By Claire West

The rate of inflation in July has met market expectation, with the headline rate dipping marginally to 3.1% from 3.2% in June.

Despite the slight dip, this marks the seventh consecutive month that the rate has been above 3.0%, warranting another letter of explanation from the Bank of England Governor. Mervyn King will have to write to the Chancellor of the Exchequer explaining why inflation is more than 1 percentage point above target, the eighth such letter since March 2007.

However, King is more than likely to simply copy and paste the last letter as the factors underpinning the high prices remain unchanged.

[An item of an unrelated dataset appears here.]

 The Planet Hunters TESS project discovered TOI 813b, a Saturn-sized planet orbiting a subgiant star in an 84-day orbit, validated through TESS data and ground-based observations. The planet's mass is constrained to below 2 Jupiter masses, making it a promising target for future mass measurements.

Sterling suffered a brief sell-off but has recovered its losses with the market apprehensive about the Monetary Policy Committee meeting minutes due Wednesday morning.

Duncan Higgins, senior analyst at Caxton FX said: “The rate of inflation has now fallen for the third consecutive month, which at least lends some credence to the Governor’s unwavering line that price pressures are only temporary. However, the rate is hardly dropping quickly. With VAT due to rise on Jan 1st it is looking increasingly unlikely that the rate will be anywhere near the 2.0% target level for another 12 months.”

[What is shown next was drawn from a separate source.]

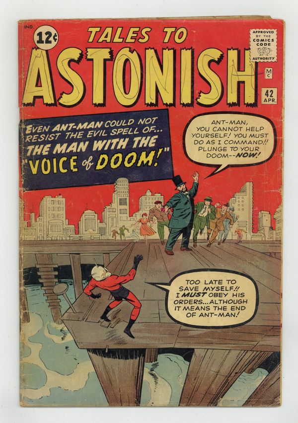 Ended Mar 4 2024 Winning Bid $30 Cover by Jack Kirby and Sol Brodsky. The Voice of Doom!, script by Stan Lee and Larry Lieber, art by Don Heck; A radio spokesman gains a hypnotic voice from radiation, and decides to test it by turning the people against Ant-Man. Secret Mission text story. The Eyes of the Mummy!, script by Stan Lee and Larry Lieber, art by Joe Sinnott; A crook steals a jewel from an ancient dummy, but the dead pharaoh's hypnotic powers make him see only death until he returns it. I Am Not Human!, script by Stan Lee, art by Steve Ditko; A humanoid robot escapes his creator's lab with an artificial face and clothes in order to live among humans as a man. 36 pgs., full color. $0.12. Cover price $0.12. Grade: GD+ 2.5 explanation of grade Condition: Used (collectible)

As is often the case when data meets expectation, the market reaction has been relatively limited. In lieu of last week’s Quarterly Inflation Report, the market is also aware that the Bank is unlikely to react to the high level of inflation.

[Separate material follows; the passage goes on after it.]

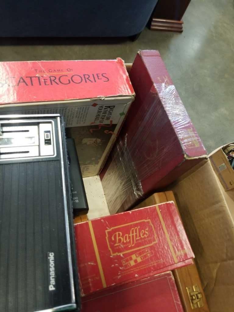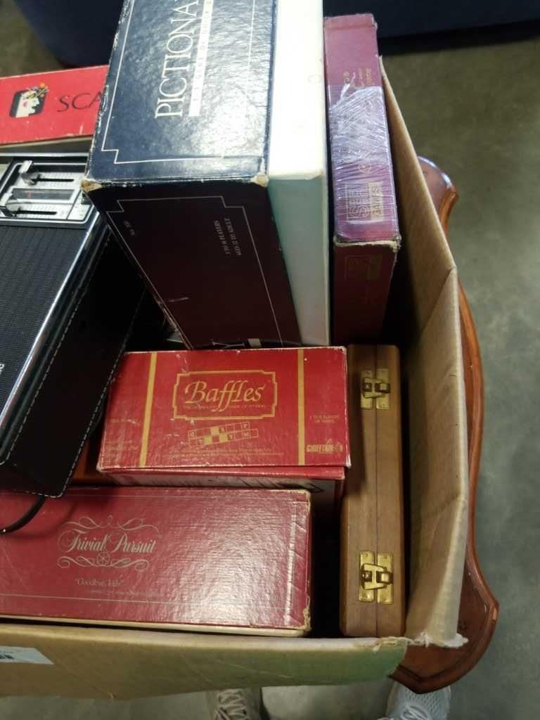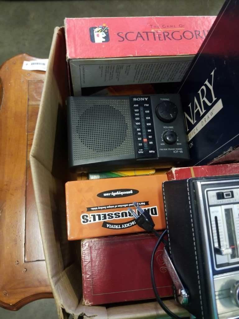BOX OF BOARD GAMES AND 2 VINTAGE RADIOS

“King has made clear his stance that inflation doesn’t pose a significant threat. This position is likely to be reiterated in the MPC’s minutes due for release tomorrow. With the economic outlook still highly uncertain, the Bank is no mood to tighten monetary policy, which the market now appears to have factored in,” concludes Higgins.

Sterling is continuing to trade around half a percent lower against the euro on the day around 1.2150. Against the dollar, the pound remains virtually level on the day around 1.5670.